That was bad enough. But I had a feeling at the time that my architectural firm employer was running out of projects that matched my skillset. So even if the price turned out to be the going rate, I didn't dare take on that kind of major obligation. I told the estimator I'd be getting at least three bids total and I'd (maybe) call him back.
Tuesday, October 9, 2007
Where Did I Leave That Map?
Well. I got the call back from the bank loan officer an hour or so ago. My house appraised out a good deal lower than the neighborhood maximum book value.
This doesn't surprise me. Not really. Not with all the half-stripped woodwork, the wallpaper that's ripped in some places (previous owners' dogs) and hanging off the wall in others (a spur to me to replace it sooner than later--supposedly), the torn-up garden borders, the old, scarred bathroom tub with no shower, and all the other signs of work-in-progress-but-nowhere-near-done.
And the figure came in only a thousand less than the current book valuation by my mortgage company-- and double-digit thousands over what I paid for the house four years ago.
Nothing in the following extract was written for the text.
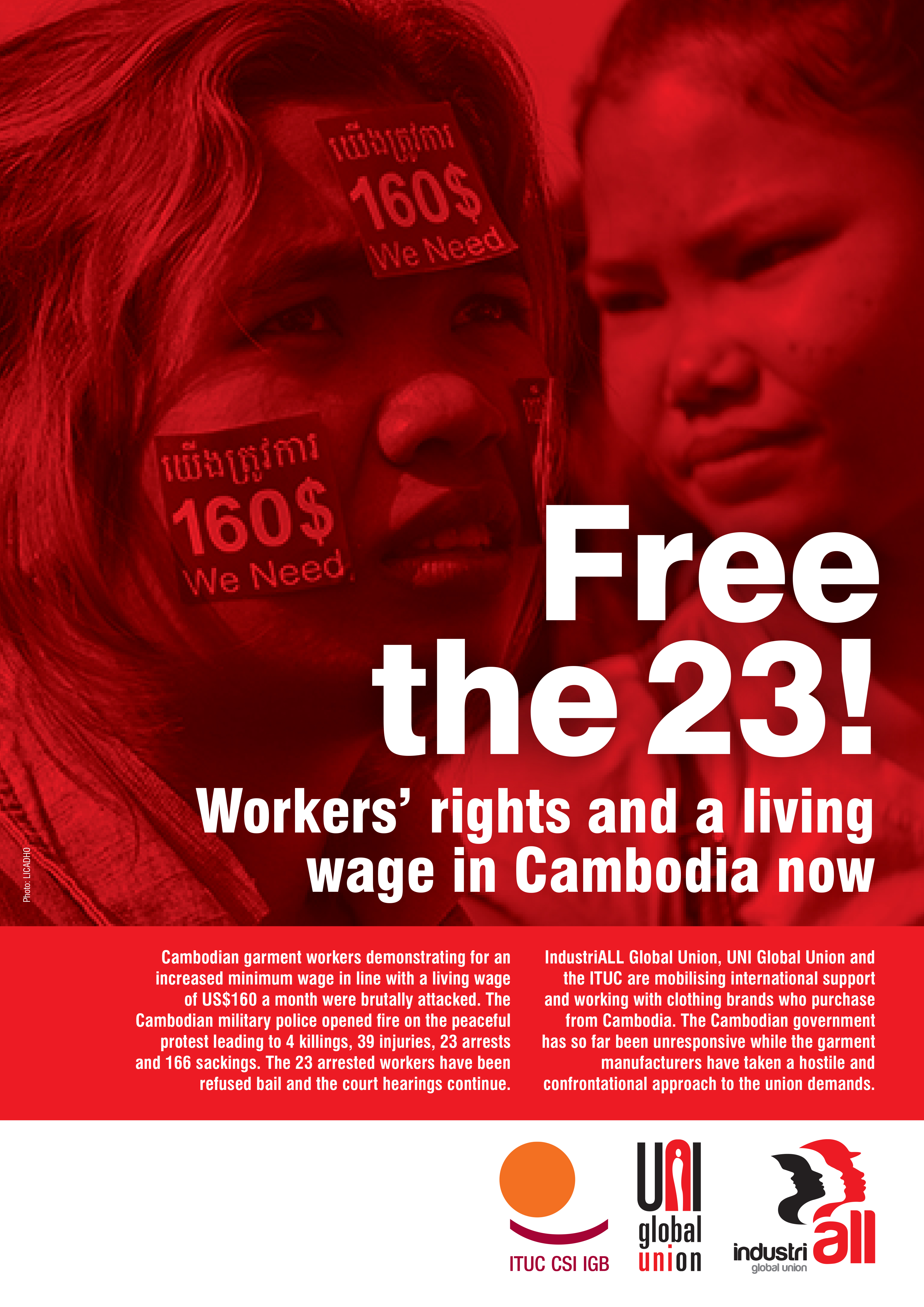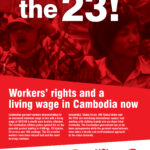 Глобальный Союз IndustriALL, Глобальный Союз UNI и МКП заручаются международной поддержкой в знак солидарности с активистами, арестованными во время состоявшихся в прошлом месяце демонстраций, участники которых требовали повышения заработной платы работников швейной промышленности. Призыв к действиям “Свободу 23-м” прозвучал накануне назначенного на 11 февраля судебного заседания по делу арестованных рабочих.

So I can't complain, though I don't qualify for the 1% under Prime home equity credit line interest rate, nor for the maximum line amount. The new bank is still willing to write me a line for more money and at 1.25% less than I now have at the old bank.
So I told the loan officer, let's go with that. It'll allow me to get a thing or two done around here that I shouldn't put off and can't at all do myself.
Like basement waterproofing. And that's where I need the map.
I got an estimate from one major Pittsburgh area company last March, Dessicators, Ltd.* But even after the applicable Home Show discounts, they still wanted a quarter of my gross annual salary (literally!) to do the job.
I was right about the job situation. I've been "freelancing" since mid-May. And honestly, I can't say things are immediately more promising now.
But last month I heard that another area basement waterproofing firm, Dry-as-a-Bone Contracting*, was running a 40% off deal through the 30th of September. I got my foot in the door by calling on the 28th to schedule an appointment.
Their estimator came out this morning. He measured and poked and took readings with the water detector. And with the 40% discount, the estimate to dry me out comes in at less than half of the Dessicators, Ltd.'s discounted price.
But I found out where the discount comes from. It's a promo from the major chemical company that makes the drainage system components Dry-as-a-Bone installs. For various reasons, I believe them when they say that they have a rapidly-dwindling number of these discounts to apply, and that I have to let them know by Thursday at the latest.
But I don't have my third estimate! Since a week ago I'd been waiting to hear back from OvenDry Waterproofing, a company that uses a system successfully installed in the basement of a fellow Houseblogger in Portland, Oregon. But when I talked to the regional agent today, they told me they can't come out till the 25th, sorry!
So where do I go from here? Dry-as-a-Bone Contracting has been around for decades, is family-owned, and has an excellent reputation with the Better Business Bureau. The estimator left me a list of references longer than my arm. It seems that the tasks they'd perform would solve my wall moisture problem effectively, and they extend a lifetime no-water guarantee.
And, unlike Dessicators, Ltd., they won't insist on covering my honest painted brick basement walls with that godawful shiny vinyl liner and joint cover strips. They'd need to come up a foot from the floor with it, and I'd have to take on the obligation of repainting the walls periodically. But the estimator says, "There won't be any water."
But I still want that third estimate! And I really, really wanted to check out the system that Hillsdale House in Portland used!
Do I take the chance and rely on Dry-as-a-Bone's reputation? Do I take it as a bad sign that OvenDry Waterproofing never got back to me, and say phooey on them, anyway? Or, might I take advantage of the fact that Ted's Rilly-Dri Basement Company* also installs the interesting system used in Portland? But they might not be able to fit me in, either!
Where, oh, where, do I go from here? There ought to be a nice Ordnance Survey-type map that would tell me where all possible paths might lead and keep me out of the swamps and morasses. But all I see on the charts is Terra Incognita.
Oh, well. I can call some of Dry-as-a-Bone's references. And go down and make myself some lunch. Food first, decisions later.